A review by katykelly
The Black Dragon by Julian Sedgwick

4.0

I recently met Julian Sedgwick, and felt terrible that I've read several by Marcus, but none by his (older!) brother. Completely different in genre and style, this is definitely going to appeal to an upper primary/lower secondary audience, particularly boys - circuses, escapes, chases, clues, gangs, mysteries.

Danny Woo is an orphan, his parents were killed in a fire at the circus where they worked with their son a year ago. Danny is rather numb from the experience, and misses both his parents and Mysterium home at which they worked at escapology and hynopist acts.

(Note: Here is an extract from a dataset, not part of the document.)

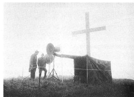
Gespensische Szenen spielen sich auf dem Wildspitz ab. Was verkabelt wohl der Köbi unter der triefenden Blache?

Es ist mir klar, dass dieser Bericht für Uneingeweihte stellenweise etwas unverständlich wirken mag. Deshalb hier noch ganz kurz, um was es an jenem 8. Juni überhaupt ging. Eine Katastrophe wurde im Raum Einsiedeln angenommen. Die Kantonspolizei Schwyz musste durch die Kantonspolizei Zug unterstützt werden. Zu diesem Zweck bauten die EVU Sektionen Uri, Zug, Glarus und Thalwil ein Kommunikationsnetz zwischen Zug und Schwyz auf, mit Relaisstationen auf dem Wildspitz (eben der mit dem Schnee, kein Witz), auf dem Albis sowie auf der Chrützwied oberhalb Einsiedeln (muuh!). Den aktiven und sozusagen katastrophal verregneten Teilnehmern und unserer Unterstützung aus dem Glarnerland möchte ich mit dem hier Niedergeschriebenen herzlich danken und hoffe, bei euch wieder einige Erinnerungen an jenen Samstag wachgerufen zu haben. Ein ganz besonderer Dank gebührt natürlich auch unseren Innerschwyzern Freunden, denn während ich diese Zeilen schreibe, schwebt ein saftig gegrilltes Kotelett vor meinem geistigen Auge. RK

His aunt Laura takes him to Hong Kong after an explosion at his school, and he quickly suspects that not only was this not an accident, but criminals are after him. Laura is kidnapped, and his childhood friend Zamora (a dwarf from the Mysterium) teams up with Danny to find her and work out why the gangs are after him. Does it have anything to do with parents?

The Hong Kong setting is refreshing, it is contemporary but other-wordly at the same time for western readers, Danny is a mature but still young hero that readers will identify with, his grief gradually coming out. Zamora makes a great sidekick - martial arts and strongman act coming in handy in the fights and chases.

I wanted more from the Mysterium. We hear a lot about it, but only see snippets in Danny's memories. It seems too intriguing for us not to see more!

A great start to an adventure/mystery series for 10-14 year olds.